Mix all ingredients in the mixing bowl of a stand mixer.

With the dough hook, knead the bread on medium speed for three to five minutes, or until smooth. If kneading by hand, knead for eight to ten minutes. Spray a bowl with nonstick cooking spray, set the dough in the bowl, and cover with plastic wrap. Let rise until doubled in bulk, about 1 1/2 hours to 2 hours.

Turn dough onto lightly floured counter. Shape into rectangle, and fold, using a business-letter fold. Shape it into a loaf. Place it into a greased 5 x 9-inch bread pan. Cover with a towel and let rise until doubled in bulk, about 50 minutes.

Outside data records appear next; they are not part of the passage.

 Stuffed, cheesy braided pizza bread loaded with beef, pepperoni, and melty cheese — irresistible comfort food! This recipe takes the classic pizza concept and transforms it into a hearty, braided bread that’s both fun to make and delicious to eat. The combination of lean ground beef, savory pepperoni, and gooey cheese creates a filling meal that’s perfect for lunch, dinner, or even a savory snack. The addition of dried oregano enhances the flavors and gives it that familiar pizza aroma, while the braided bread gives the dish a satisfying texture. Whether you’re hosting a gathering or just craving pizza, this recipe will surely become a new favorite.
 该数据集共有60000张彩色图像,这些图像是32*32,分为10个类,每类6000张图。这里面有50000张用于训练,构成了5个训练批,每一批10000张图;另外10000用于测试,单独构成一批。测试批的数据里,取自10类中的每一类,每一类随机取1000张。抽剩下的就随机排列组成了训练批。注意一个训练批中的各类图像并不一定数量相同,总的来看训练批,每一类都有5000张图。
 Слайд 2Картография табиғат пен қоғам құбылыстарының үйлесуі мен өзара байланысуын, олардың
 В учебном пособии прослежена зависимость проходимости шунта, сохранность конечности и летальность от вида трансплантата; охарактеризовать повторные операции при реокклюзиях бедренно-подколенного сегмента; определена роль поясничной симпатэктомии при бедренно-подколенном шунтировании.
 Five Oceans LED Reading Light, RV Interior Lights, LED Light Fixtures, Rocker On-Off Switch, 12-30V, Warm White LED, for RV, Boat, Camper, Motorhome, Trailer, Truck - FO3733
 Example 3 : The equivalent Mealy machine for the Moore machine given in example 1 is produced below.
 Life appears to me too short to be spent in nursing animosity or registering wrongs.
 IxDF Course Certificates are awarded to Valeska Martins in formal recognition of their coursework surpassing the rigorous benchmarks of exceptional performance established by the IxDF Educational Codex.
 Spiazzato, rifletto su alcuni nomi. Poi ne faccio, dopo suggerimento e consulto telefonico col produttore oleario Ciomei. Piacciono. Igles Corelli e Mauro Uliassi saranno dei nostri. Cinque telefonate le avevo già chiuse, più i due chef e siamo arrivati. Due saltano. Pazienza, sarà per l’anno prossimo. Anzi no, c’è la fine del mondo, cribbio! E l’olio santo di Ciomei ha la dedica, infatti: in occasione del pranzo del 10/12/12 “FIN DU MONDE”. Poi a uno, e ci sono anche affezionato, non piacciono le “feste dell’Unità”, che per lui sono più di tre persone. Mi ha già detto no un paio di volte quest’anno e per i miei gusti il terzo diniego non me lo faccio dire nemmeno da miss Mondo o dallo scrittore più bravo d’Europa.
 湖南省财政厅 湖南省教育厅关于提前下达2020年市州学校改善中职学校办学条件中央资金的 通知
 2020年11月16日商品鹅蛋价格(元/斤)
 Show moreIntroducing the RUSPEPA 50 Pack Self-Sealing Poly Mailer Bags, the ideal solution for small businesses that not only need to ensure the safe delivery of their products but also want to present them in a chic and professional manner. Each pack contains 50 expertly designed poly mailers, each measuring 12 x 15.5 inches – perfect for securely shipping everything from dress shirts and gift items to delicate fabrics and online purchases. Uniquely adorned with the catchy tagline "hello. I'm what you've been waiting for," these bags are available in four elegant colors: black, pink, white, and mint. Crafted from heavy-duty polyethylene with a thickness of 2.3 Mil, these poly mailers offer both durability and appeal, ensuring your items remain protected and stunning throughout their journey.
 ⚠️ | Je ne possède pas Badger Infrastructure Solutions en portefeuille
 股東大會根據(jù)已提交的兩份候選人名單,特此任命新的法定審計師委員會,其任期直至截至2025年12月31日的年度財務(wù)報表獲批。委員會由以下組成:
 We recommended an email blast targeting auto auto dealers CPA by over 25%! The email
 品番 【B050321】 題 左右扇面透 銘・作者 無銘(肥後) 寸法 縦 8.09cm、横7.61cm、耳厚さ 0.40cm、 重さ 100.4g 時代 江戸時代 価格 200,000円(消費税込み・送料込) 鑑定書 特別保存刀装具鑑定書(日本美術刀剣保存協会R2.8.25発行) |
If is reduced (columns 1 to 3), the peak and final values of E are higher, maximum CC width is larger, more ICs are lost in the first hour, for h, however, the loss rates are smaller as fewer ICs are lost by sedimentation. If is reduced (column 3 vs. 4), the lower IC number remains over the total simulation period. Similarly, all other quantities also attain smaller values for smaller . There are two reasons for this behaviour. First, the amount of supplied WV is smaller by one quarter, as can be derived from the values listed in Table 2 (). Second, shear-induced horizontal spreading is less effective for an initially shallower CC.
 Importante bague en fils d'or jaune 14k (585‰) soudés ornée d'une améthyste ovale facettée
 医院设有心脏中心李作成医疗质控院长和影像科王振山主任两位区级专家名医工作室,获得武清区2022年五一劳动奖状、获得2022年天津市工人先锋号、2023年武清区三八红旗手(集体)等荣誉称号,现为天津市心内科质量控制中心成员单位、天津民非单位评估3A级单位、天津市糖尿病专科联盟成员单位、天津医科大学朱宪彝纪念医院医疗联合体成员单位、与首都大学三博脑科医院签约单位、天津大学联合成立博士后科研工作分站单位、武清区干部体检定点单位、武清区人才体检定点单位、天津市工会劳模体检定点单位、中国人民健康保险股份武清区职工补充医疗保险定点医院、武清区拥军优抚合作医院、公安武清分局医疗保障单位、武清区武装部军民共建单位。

Bake in a preheated 350°F oven for 40 minutes, or until bread is a light golden brown and tests done. Turn the loaf out and let it cool on a rack. Let cool thoroughly before slicing. Makes 1 large loaf.

8 comments:

Melinda said...

I am glad you made a semolina bread that met your expectations.
I had a good laugh at Jim's being caught in the headlights look. My husband does this panicked look, too.
I can see his brain cells ticking over.
'What's the right answer, come on... what's the right answer?'
So funny!
Why haven't you used your Rose starter until now, you silly sausage! It's maiden voyage was triumphant.

evil cake lady said...

look at you go, adapting your own recipe!
i'm glad this semolina bread turned out tastier than the first try! you could turn your quest for the perfect semolina bread into The Semolina Bread Bible and become the preeminent authority on the subject.

Anonymous said...

I'm just wondering whether semolina flour is the same thing as semolina? I ask because, coincidentally ,when out shopping this morning I bought a box of Semolina!
Your loaf looks as good as all the others you make, if not better, it looks light in texture and Jim's photography is great, as usual. Jeannette

breadbasketcase said...

Melinda,
I don't know why I haven't used it, honestly. Maybe I was a little scared to touch it. I love adding a little sourdough to bread--I think I like the sourdough/yeast combo better than all sourdough, which is sometimes too sour for my taste.

ECL,
Well, I've always wanted to be the preeminent authority on something, and semolina bread seems as good as anything.

Jeannette,
I actually use durum flour in anything that calls for "semolina" flour because I think that semolina is too coarse. So maybe I should call it gussied-up durum flour bread. Doesn't have the same ring, does it?

Chavi said...
This comment has been removed by the author.
Chavi said...

Hi Marie,
I anxiously await your blog posts!
I recently have had some adventures with semolina flour and have been pleased, mostly, with the results. Try the Semolina Sandwich Loaf from Daniel Leader's Local Breads-- It can be found on the fresh loaf.
Keep it coming

Doughadear said...

Marie,
All your experience making bread has made you quite the savvy baker, adding a little bit of this and that to make it your own and improve upon. I just love how a little bit of sourdough along with yeast improves the taste. I am glad this loaf was a success for you, it really does look quite good.

breadbasketcase said...

Chavi,
Thanks for the tip! I love to find new recipes.

Oriana,
Maybe "savviness" is just the willingness to make a mistake. If you're going to make mistakes, it might as well be in a loaf of bread, because you know that the worst that will happen is that you'll have a loaf of not-so-great bread.